Towards Simultaneous Segmentation of Liver Tumors and Intrahepatic Vessels via Cross-attention Mechanism
Haopeng Kuang, Dingkang Yang, Shunli Wang, Xiaoying Wang, Lihua Zhang

TL;DR
This paper introduces UCA-Net, a novel 3D segmentation model using cross-attention mechanisms to simultaneously segment liver tumors and intrahepatic vessels, achieving state-of-the-art results on a new benchmark dataset.
Contribution
The paper presents a new 3D U-shaped network with cross-attention modules for improved simultaneous segmentation of liver tumors and vessels, filling a research gap.
Findings
UCA-Net outperforms existing methods in segmentation accuracy.
The cross-attention modules effectively reduce semantic gaps.

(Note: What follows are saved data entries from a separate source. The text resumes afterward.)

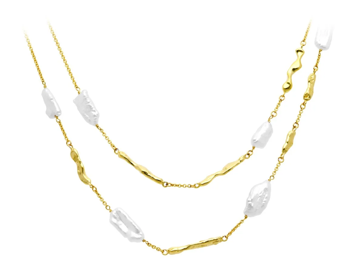 Gargantilla Tsuru doble en de Plata de Ley 925 bañada en oro amarillo de 18 qts. y perlas.
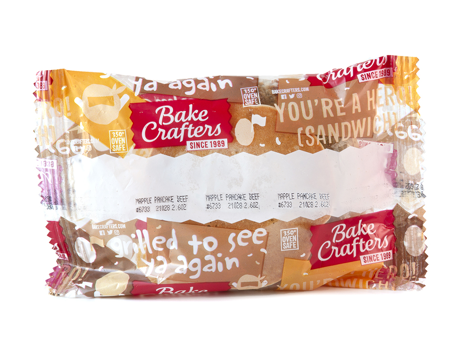 Bake Crafters INACTIVE - Sandwich, Maple Pancake, WG, Beef Sausage, IW; must be whole grain rich and provide 1.0 ounce grain equivalent and 1.0 ounce of meat or meat alternate. Portion to provide at least 135 calories, with no more than 6 grams of fat. Must contain less than 390 milligrams of sodium. Acceptable brand: Bake Crafters 6733.
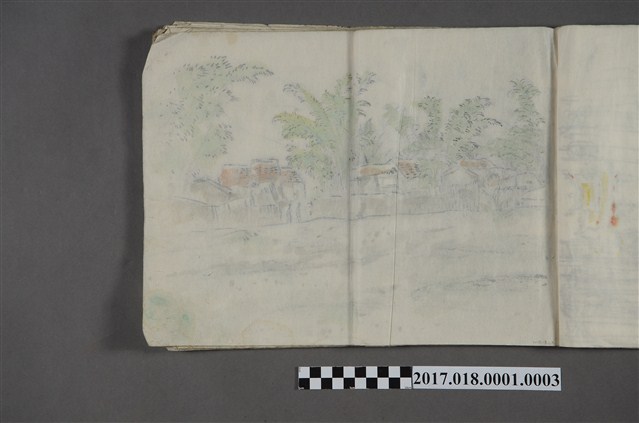 本畫作為一幅手繪的臺灣風景圖,以黑色畫筆勾勒出線條,視角由遠處望向村落,村落樹木林立。村落右側為開放式入口,並畫有兩個人像。文物如屋頂及樹林皆上有顏料,紙張上方處有藍色顏料暈開的痕跡,中央則有對摺痕跡。
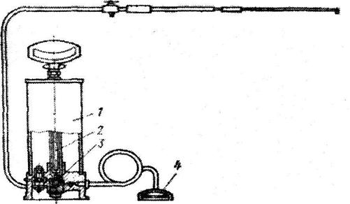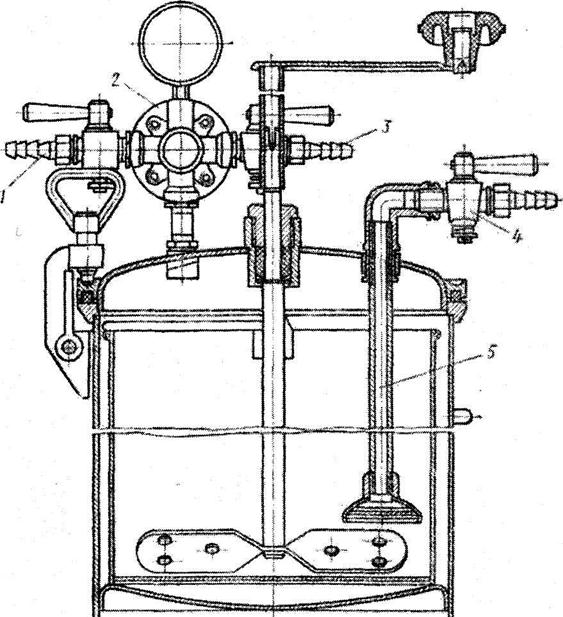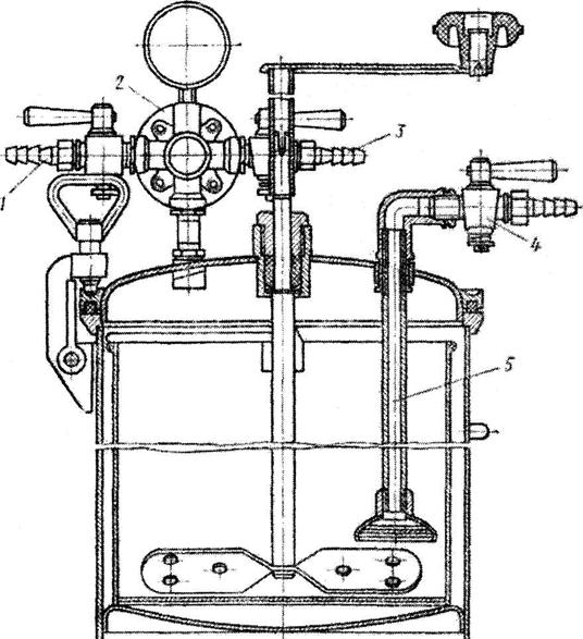 Красконагнетательный бак (рис. 12.21) состоит из корпуса с герметической крышкой и помещенного внутри него ведра, в котором находится мешалка и трубка с фильтром. Сжатый воздух поступает через кран 1. Часть воздуха, не проходя через редуктор, поступает через кран 3 к пистолету-краскораспылителю. Другая часть сжатого воздуха проходит через редуктор 2 и после снижения давления до нужной величины поступает в бак, вытесняя налитый в ведро состав, который
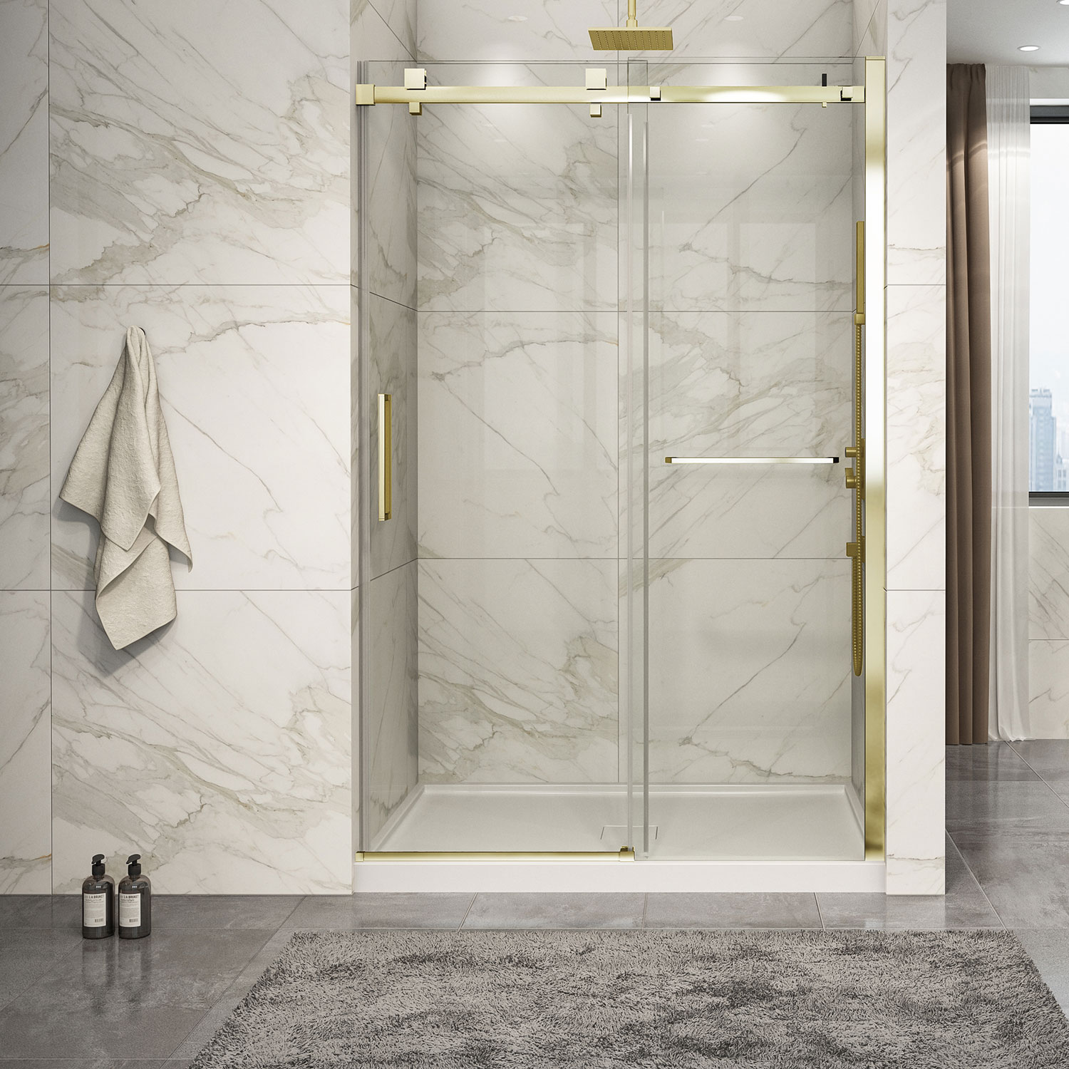 Zitta Piazza 2.0 Shower door 54″, in alcove, in brushed gold
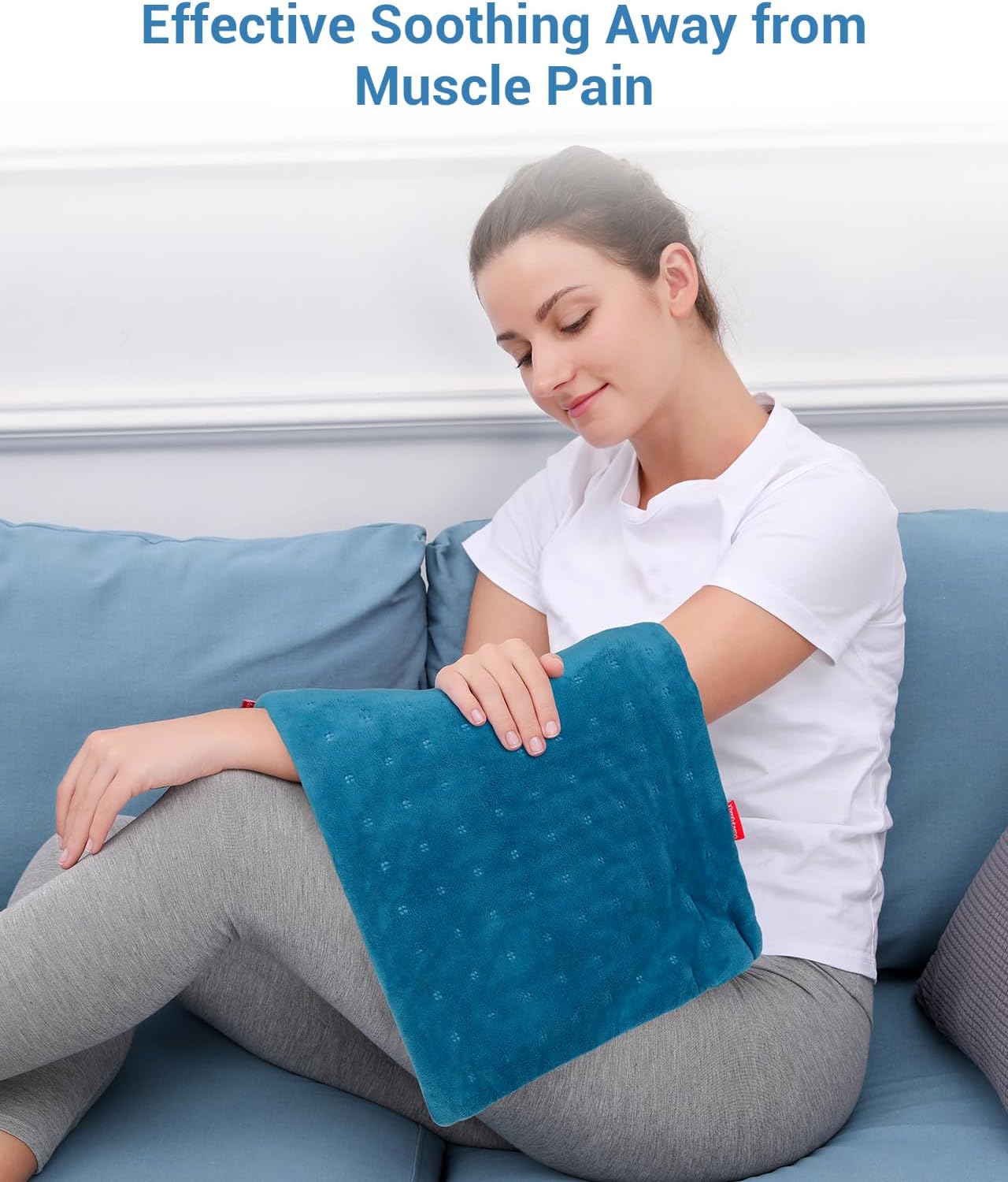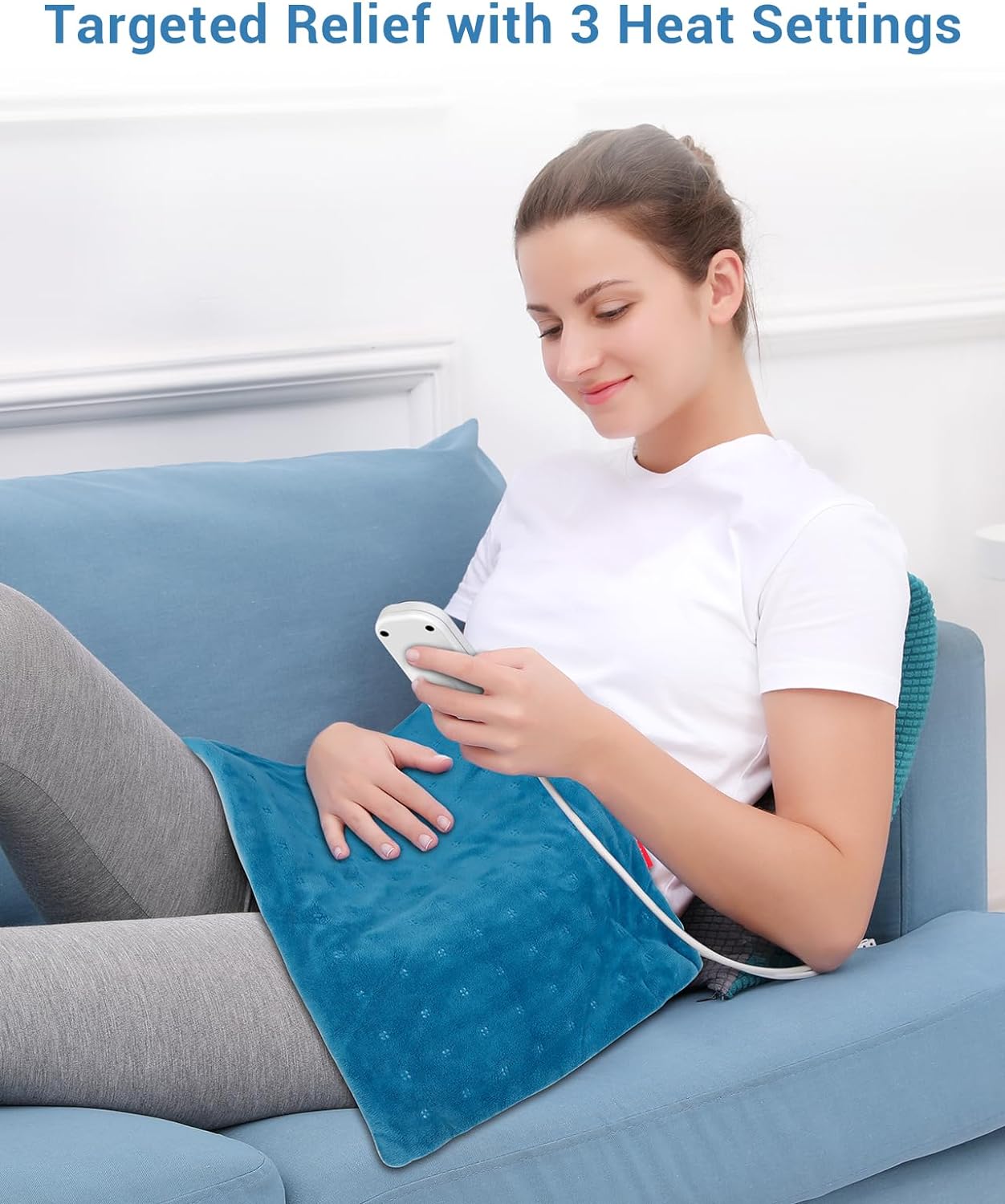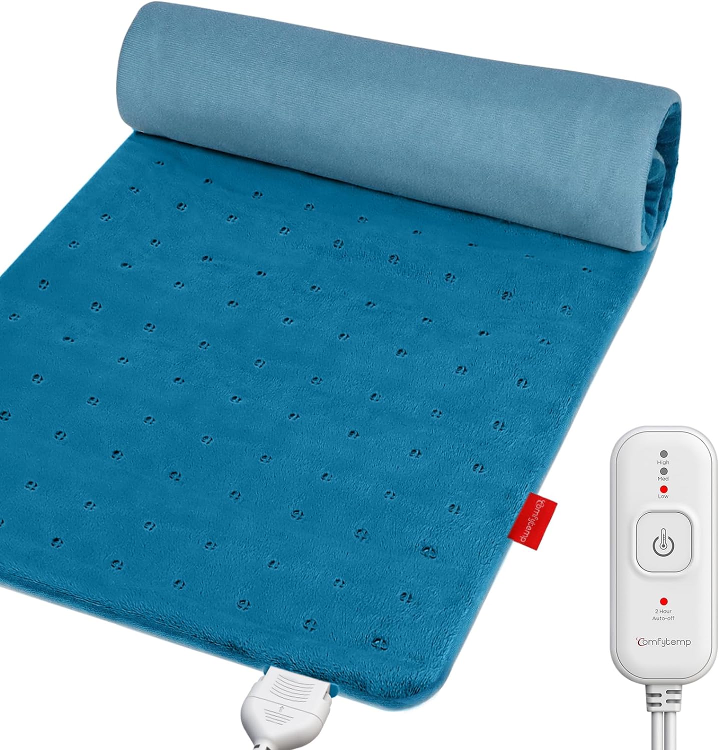 Comfytemp Heating Pad for Cramps, Large Electric Heat Pad with 3 Heat Setting, Stay On, 2H Auto-Off, Ultra-Soft, Moist Heated Pad for Back Pain, Neck and Shoulder, 12 x 24 Inch - Washable
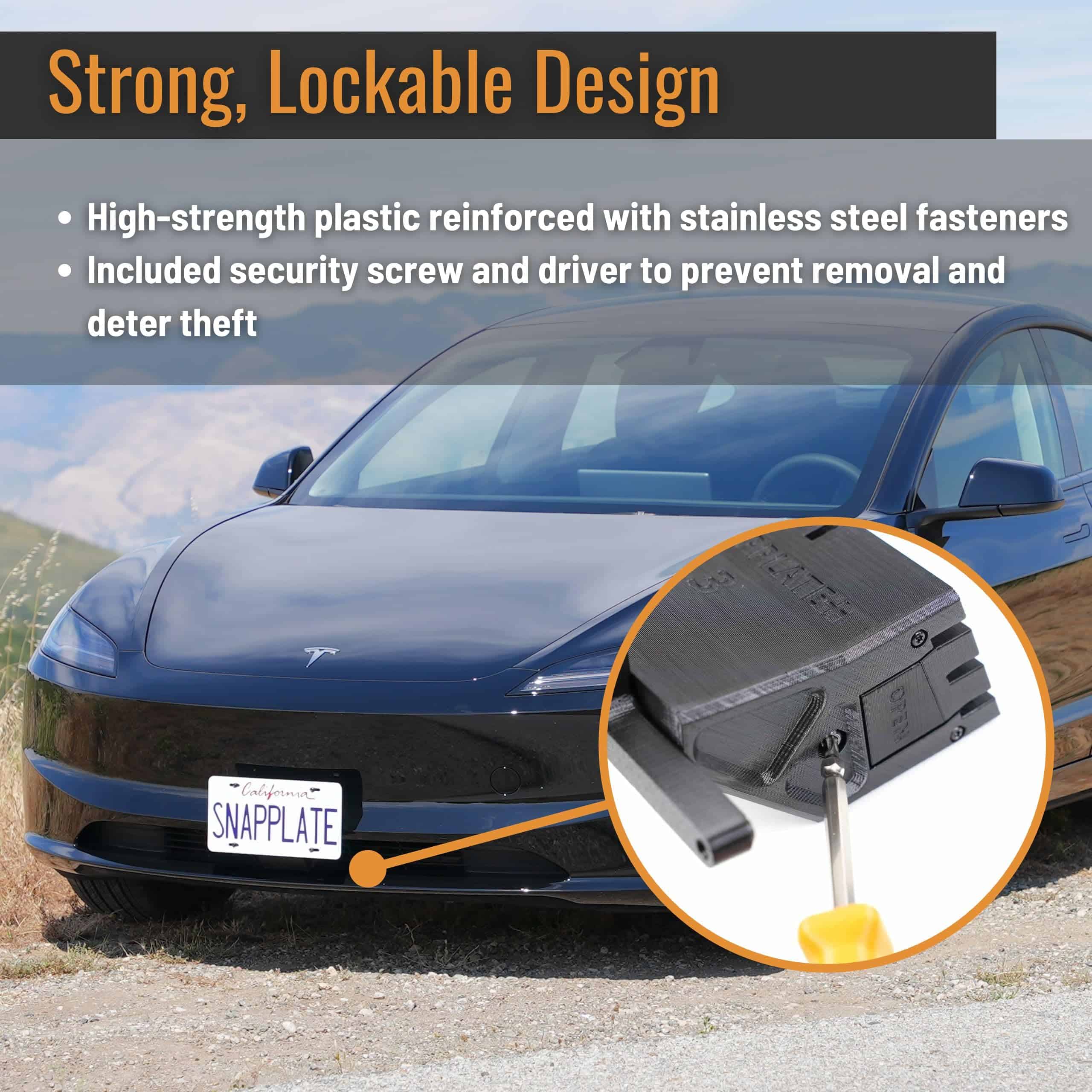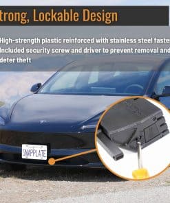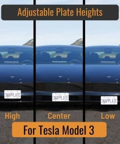 SnapPlate+ son soportes de placa delantera desmontables optimizados en resistencia que se instalan y remueven por completo en segundos. El diseño limpio y minimalista se integra perfectamente con el frente de Tesla cuando está instalado, y no deja ninguna pieza de montaje antiestética al retirarlo. El soporte de placa de tercera generación es ajustable en altura con posiciones de montaje alta, centro y baja para adaptarse a tu gusto.
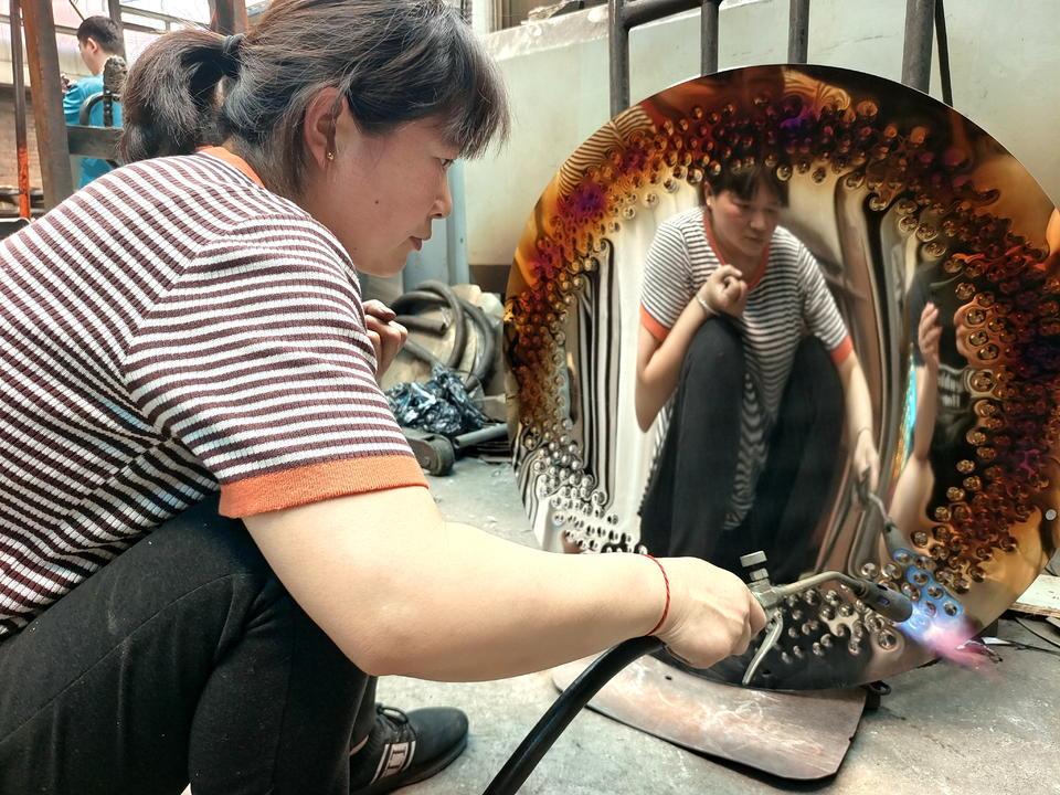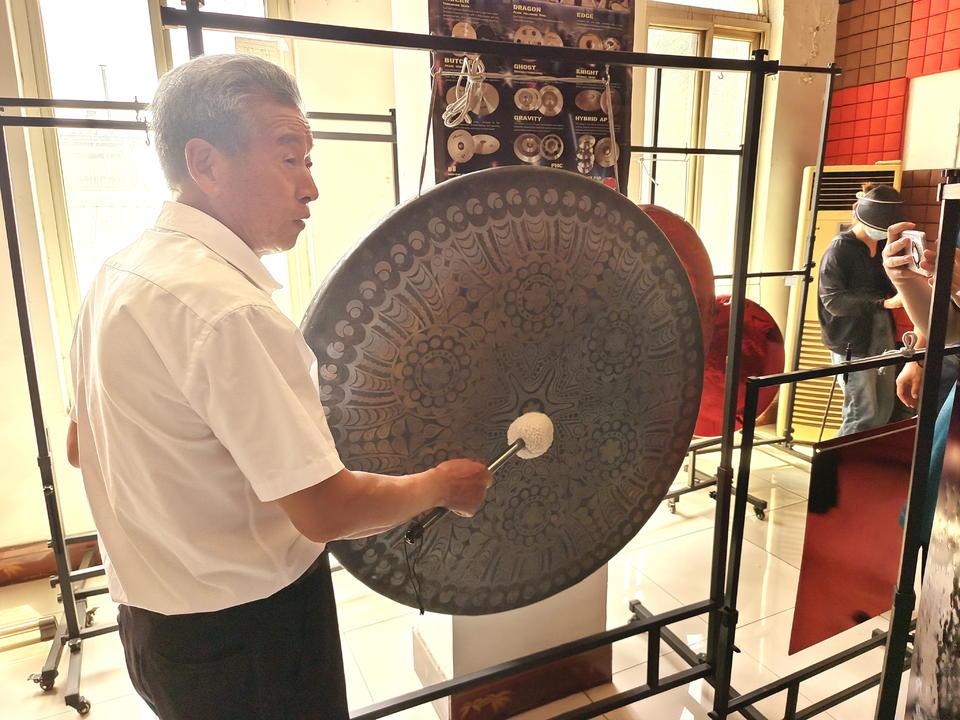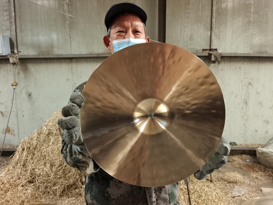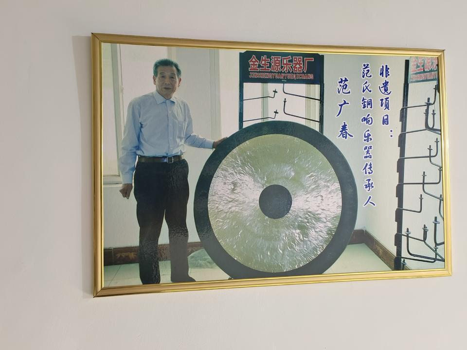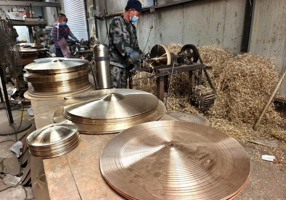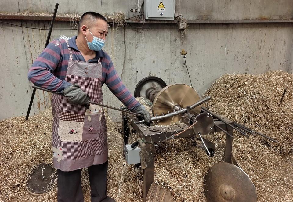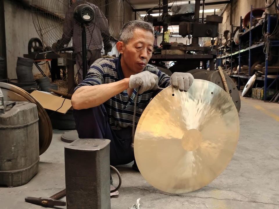 技艺高超的工匠们凭着敏锐的耳朵和灵巧的双手,敲打出音色纯正的镲和锣。目前范氏铜响乐器成为山东省内唯一可生产70寸以上大锣的厂家。

The dataset provides a new benchmark for liver tumor and vessel segmentation.
Abstract
Accurate visualization of liver tumors and their surrounding blood vessels is essential for noninvasive diagnosis and prognosis prediction of tumors. In medical image segmentation, there is still a lack of in-depth research on the simultaneous segmentation of liver tumors and peritumoral blood vessels. To this end, we collect the first liver tumor, and vessel segmentation benchmark datasets containing 52 portal vein phase computed tomography images with liver, liver tumor, and vessel annotations. In this case, we propose a 3D U-shaped Cross-Attention Network (UCA-Net) that utilizes a tailored cross-attention mechanism instead of the traditional skip connection to effectively model the encoder and decoder feature. Specifically, the UCA-Net uses a channel-wise cross-attention module to reduce the semantic gap between encoder and decoder and a slice-wise cross-attention module to enhance…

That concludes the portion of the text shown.